A Facebook post depicting Hindu Goddess Durga in revealing clothes has triggered a strong reaction among Sri Lankan Tamils, with many of them demanding that punitive action be taken against the lawyer who made the offending social media post.
Several Tamil outfits in the South Asian country, backed by politicians from the Tamil National Alliance (TNA), have written to the federal authorities in Colombo, demanding that the lawyer be prosecuted under the country’s cyber crime laws.

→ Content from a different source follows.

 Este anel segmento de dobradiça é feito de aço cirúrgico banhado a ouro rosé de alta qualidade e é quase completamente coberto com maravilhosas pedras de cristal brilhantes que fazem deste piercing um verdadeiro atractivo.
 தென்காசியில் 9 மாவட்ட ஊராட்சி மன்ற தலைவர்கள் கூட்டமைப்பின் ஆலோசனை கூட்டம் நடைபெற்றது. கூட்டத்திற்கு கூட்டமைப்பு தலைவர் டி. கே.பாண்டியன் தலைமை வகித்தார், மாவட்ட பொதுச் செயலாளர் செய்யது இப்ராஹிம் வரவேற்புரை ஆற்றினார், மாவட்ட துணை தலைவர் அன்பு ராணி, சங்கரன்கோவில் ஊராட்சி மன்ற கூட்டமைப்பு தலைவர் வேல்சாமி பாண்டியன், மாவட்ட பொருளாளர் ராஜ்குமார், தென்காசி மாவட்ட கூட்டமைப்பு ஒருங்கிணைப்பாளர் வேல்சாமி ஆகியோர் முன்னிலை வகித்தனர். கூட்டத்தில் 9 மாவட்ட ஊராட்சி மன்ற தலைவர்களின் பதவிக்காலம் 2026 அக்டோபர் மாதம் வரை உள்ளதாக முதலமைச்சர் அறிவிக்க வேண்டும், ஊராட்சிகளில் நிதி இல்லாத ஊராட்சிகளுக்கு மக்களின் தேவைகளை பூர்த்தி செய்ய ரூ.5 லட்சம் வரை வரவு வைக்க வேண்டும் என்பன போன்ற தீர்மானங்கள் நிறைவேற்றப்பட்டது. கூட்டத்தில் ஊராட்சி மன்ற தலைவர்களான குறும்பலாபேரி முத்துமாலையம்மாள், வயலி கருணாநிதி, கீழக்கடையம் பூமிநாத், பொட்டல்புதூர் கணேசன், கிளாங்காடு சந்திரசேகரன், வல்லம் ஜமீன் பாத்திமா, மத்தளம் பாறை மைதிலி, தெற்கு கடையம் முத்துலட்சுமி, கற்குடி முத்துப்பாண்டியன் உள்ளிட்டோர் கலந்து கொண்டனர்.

A Facebook post by a Sri Lankan lawyer depicting #Hindu goddess Durga in a scantily-clad state has triggered massive outrage among Sri Lankan Tamils. A top Hindu priest body in #SriLanka has also warned that the post could lead to sectarian tensions, if the lawyer isn't arrested pic.twitter.com/PFIHBcRQ3U
— Dhairya Maheshwari (@dhairyam14) December 21, 2020
"The derogatory post not only hurts the feelings of Tamils in Sri Lanka, but also other communities who believe in peaceful coexistence. We have been receiving letters of diaspora from Sri Lankan Tamils across the world. The Sri Lankan Tamils living overseas have also been writing to their local missions demanding action against the post and Facebook," M.K. Sachithanathan, the leader of Hindu advocacy outfit Siva Senai, told Sputnik on Monday.

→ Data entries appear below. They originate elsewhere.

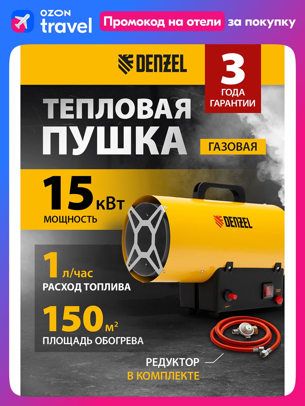 Газовая пушка тепловая DENZEL GHG-15, 15 кВт мощность и 150 м2 площадь обогрева, защита от перегрева и пьезоподжиг, пропан-бутан, вилка и шланг с редуктором в комплекте 96477
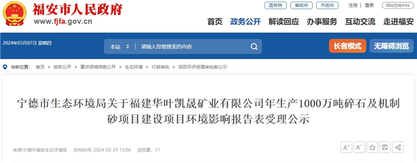 近日,福建省寧德市生態(tài)環(huán)境局發(fā)布福建華葉凱晟礦業(yè)有限公司年生產(chǎn)1000萬噸碎石及機制砂項目建設項目環(huán)評受理公示。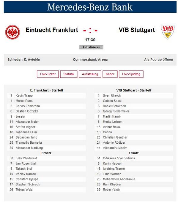 VfB mostró en Frankfurt una disciplina defensiva y combativa. Ofensivamente, los jugadores de Thomas Schneider eran peligrosos a la contra de nuevo y tenía mucho tiempo merece. Sin embargo, en la fase final de la reunión de Frankfurt en dos ocasiones, por lo que el equipo debe ser golpeado con el anillo rojo en el pecho Principal. Durante el juego en Frankfurt VfB capitán Christian Gentner regresó a la alineación titular. Junto a él, Moritz Leitner jugó en el centro del campo defensivo. El internacional sub-21 había pasado debe suspender debido a una barrera de color amarillo-rojo. Además, Cacau fue la primera vez en la temporada desde el principio. Él actuó como único delantero. Para Timo Werner, Rani Khedira y Mohammed Abdellaoue obtuvieron el primer lugar en el banco. Arthur Boka mueve de la posición de centrocampista defensivo en el extremo izquierdo. Según primeros minutos equilibrados los anfitriones tuvieron la primera ocasión del partido. Tranquillo Barnetta se dirigió a casa de cerca a la meta del VfB, pero Sven Ulrey estaba en guardia, y paró la pelota con un buen reflejo de (6). Como resultado, Frankfurt tuvo inicialmente más posesión, pero el equipo con el anillo en el pecho de color rojo estaba a salvo a la defensiva y no tenía más posibilidades de concordia. Alexandru Maxim fue en la 18 ª Minuto, la primera vez que se presentó con una pelota que rebota desde una distancia de Frankfurt portero Kevin Trapp a prueba. Tras el VfB jugó defensivamente más disciplinada, conquistó una y otra vez la pelota y poner uno u otro mostrador. Al igual que en el 31 Alexandru Maxim ajuste minutos a Martin Harnik y los austríacos de 16 yardas para liderar al equipo con el anillo en el pecho de color rojo se reunió. Cuatro minutos fue seguido por un contador renovada y una nueva oportunidad para VfB: Cacau disparó desde 14 metros, pero el arquero Kevin Trapp Eintracht recibido a tiempo los brazos y desvió el balón por encima del travesaño. Además, Martin Harnik perdió la carcasa de la máquina en una situación prometedora sólo ligeramente (38). ¿El equipo de Thomas Schneider a los 20 minutos aumentó de marcar ocasiones, los jugadores del VfB en la primera sección de juegos eran defensivamente aún compacta, se apoyaron mutuamente y hacer hasta el silbato de medio tiempo no hay posibilidades de Frankfurt, así que 1-0 a los 45 minutos para el equipo con el anillo de pecho rojo tenía existencias.

Sachithanathan also said that the members of the Sri Lankan Tamil diaspora in other countries have been writing to their local Sri Lankan missions to protest the derogatory post.
“Our campaign will only intensify if the lawyer is not arrested,” he warned.

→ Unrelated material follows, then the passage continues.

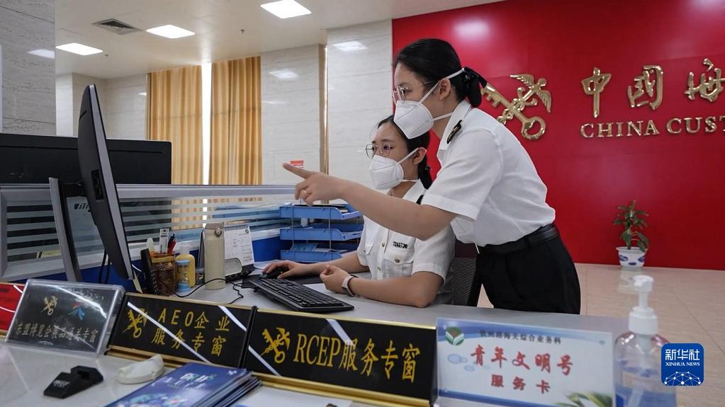 9月29日,欽州港海關(guān)工作人員在對跨境貨物運輸一站式辦理的數據進(jìn)行整理統計。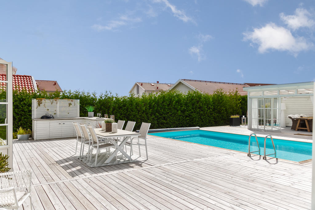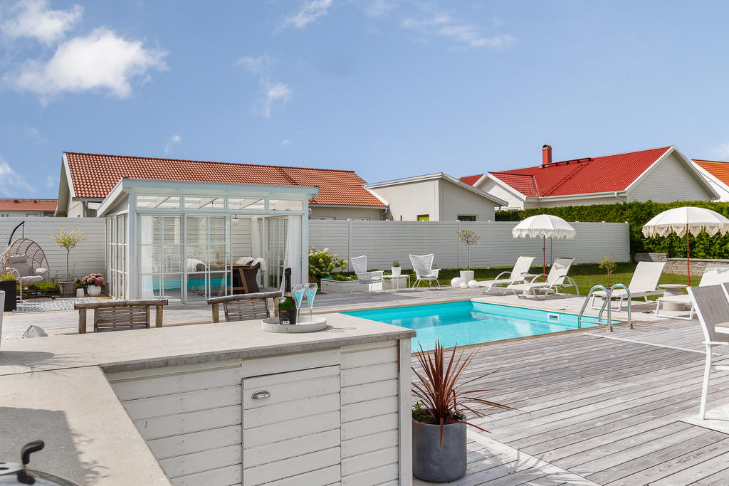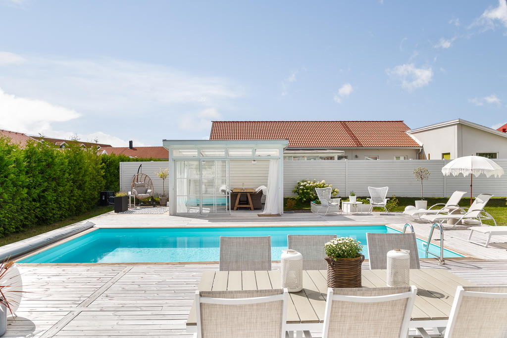 Optimal familjevilla med perfekt solläge på den insynsskyddade baksidan med poolområde och uterum!

Cautioning that the post had the potential to incite sectarianism in the Buddhist-majority country, Sri Lanka’s Upcountry Hindu Priest Association has called upon the Tamils to initiate a campaign of lodging police complaints against the lawyer.
“For the past three days, a woman named Jeevani Kariyawasam has been posting on her Facebook site in a manner that has caused great disgrace and disgusting depiction of the Goddess Kali,” the priests’ outfit wrote to President Gotabaya Rajapaksa in a letter dated 20 December.
According to local media reports, the lascivious depiction of the Hindu goddess has also been taken up by M. Ganesan, the parliamentarian from Sri Lanka's erstwhile ruling United National Front (UNF) alliance.
Ganesan has told local media that the woman’s arrest was essential so that the peace between the nation's religious groups, particularly in the predominantly Tamil northern and eastern provinces, doesn’t spiral out of control.
Sri Lankan Tamils, who constitute the largest minority group in the country, mostly practice Hinduism.